それにしても、妖精さんの喋り方はなんというか、言葉を覚えたての子供っぽいというか……聞き取れても理解するのが難しいわね。
「わたし、謁見の間ってところに向かってるんだけど、そっち方面でも良いかしら?」
「おっけートコトコ」
__ __
「うわぁ~とっても軽やか! すごいすごい!」
てくてくてくてく。わたしは妖精さんと一緒に軽やかな足取りで通路を進んでいく。そう、文字通り妖精さんと一緒に。
「どんなかんじ?」
「もうね、不思議なくらい足にフィットして良い感じ! それに軽くて歩きやすいわ! 履き心地バツグンね!」
妖精さんの言う『一緒におさんぽ』というのは、自分自身をわたしに履いてもらって歩く、というものだった。良いのかしらこれで。

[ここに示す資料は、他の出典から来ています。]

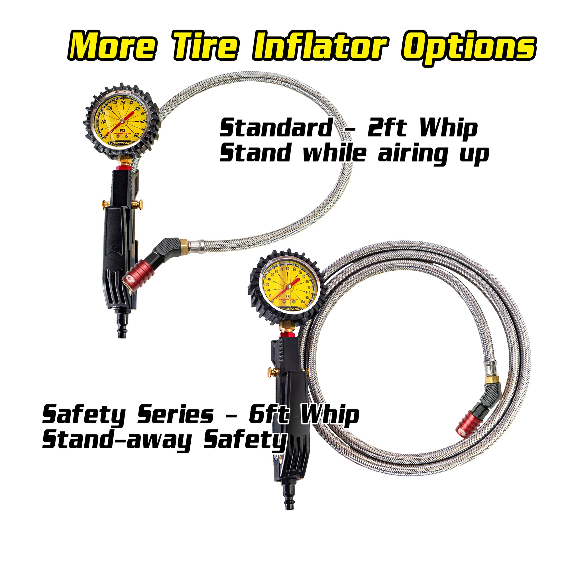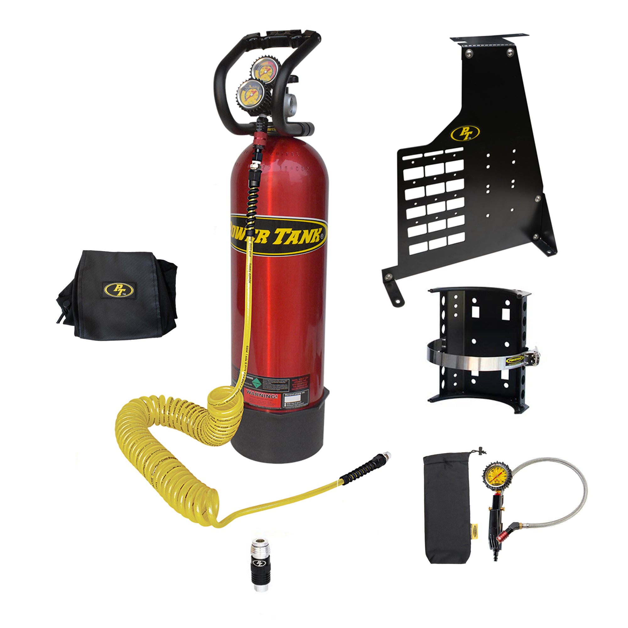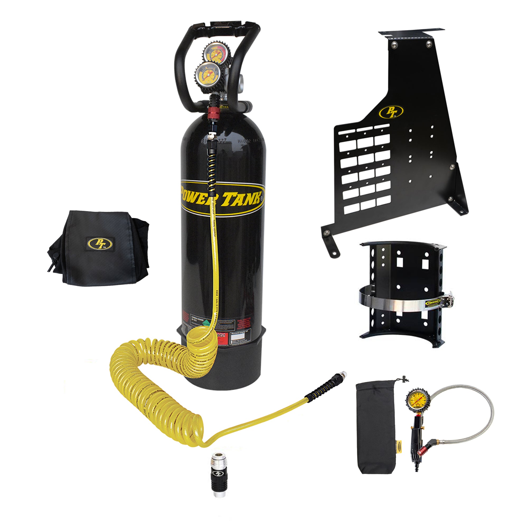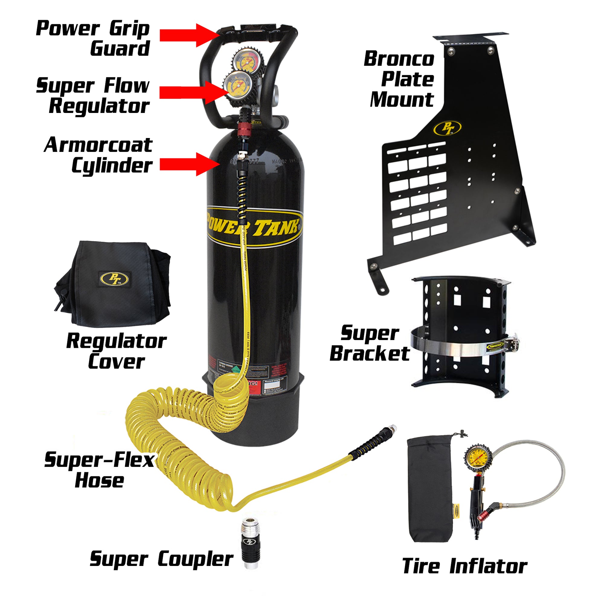 This 2 Door Bronco Edition Power Tank includes everything you need to run air tools with our advanced universal safety Super Coupler and air up tires through a dedicated HD Tire Inflator with Gauge. It also includes a Bronco Plate mount mated to a Super Bracket for an easy mounting solution, placing your Power Tank low, on the floor, for easy access.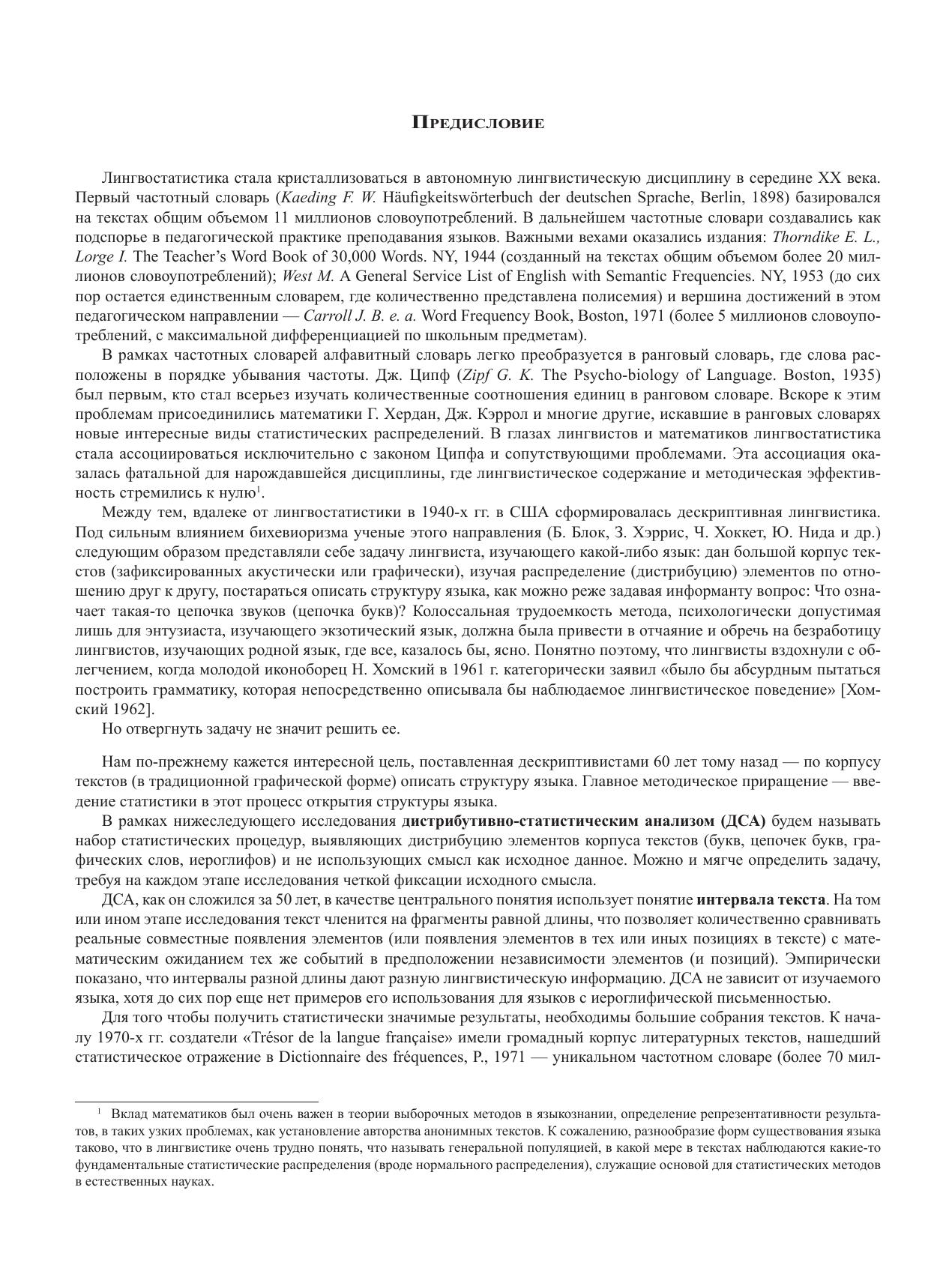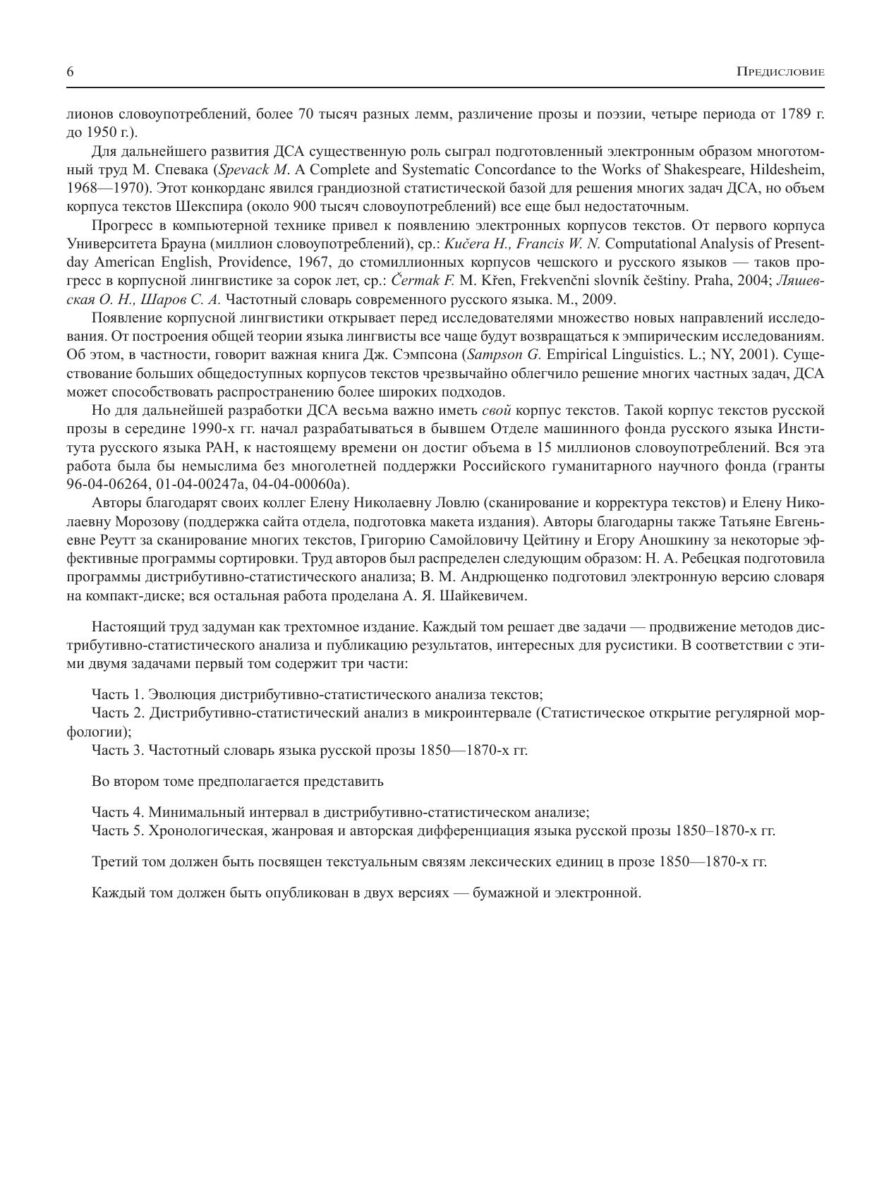 ель дистрибутивно-статистического анализа состоит в открытии структуры языка на основе большого корпуса текстов. В настоящей трехтомной монографии этот формальный метод в полной мере прилагается к текстам русской прозы 1850-1870 гг. (около 15 млн словоупотреблений), а частично (в виде иллюстраций) к текстам на других языках. Первый том включает три части: Очерк развития метода, Открытие регулярной морфологии в рамках графического слова, Частотный словарь языка русской прозы 1850-1870 гг. Первые две части адресованы лингвистам, особенно тем, кто интересуется лингвостатистикой. Частотный словарь будет интересен филологам-русистам.

妖精さんの見た目は可愛らしい茶褐色の革靴だ。何故かわたしの足にピッタリのサイズで、靴擦れにもならない。
まるで雲の上を歩いているかのようなふわっとした歩き心地だ。
「さっきまで疲れて足が棒のようだったのに、今ならどこまでも歩いていけそうだわ」
まあ謁見の間まで行くだけなんだけど。
「あ、突き当りだわ。ここを右に行って……あった! 謁見の間!」
勇者召喚の間からここまで長かったわね。わたしの体力が無いだけかもしれないけど。
「妖精さん、わたしはこれから謁見の間に行かないと行けないんだけど……」
「れっつトコトコ」
「え、一緒に行ってくれるの? わたしは嬉しいけど……」
今病院スリッパしか持ってないし。
「それじゃあいきましょうか。ちょっと緊張するわね」
突き当りの先、謁見の間まで近づくと、扉の前に立っていた兵士らしき人に声をかけられる。
「ちょっと君、この先は……いや、その不思議な恰好は……もしかして召喚された勇者候補様ですか?」
「あ、はいそうです。これ、召喚の間の管理者さんに貰った証明バッジです」
「お待ちしておりました。その服装ではなんですから……おい、そこの者。この方は勇者候補様だ。衣装の準備をお願いする」
「承知いたしました。ささ、こちらへどうぞ」
「あ、はい……」
近くにいたメイドさんっぽい人に連れられて、謁見の間とは違う部屋へ。どうやら服を着替えさせてくれるらしい。
さすがに病院の患者衣はちょっと恥ずかしかったのでありがたい。
…………。
「はい、これで完成です! いかがですか?」
「わあ……すっごくかわいい」
鏡の向こうのわたしは、フワッとした甘ロリチックなワンピースに、魔法使いみたいなローブを羽織っている。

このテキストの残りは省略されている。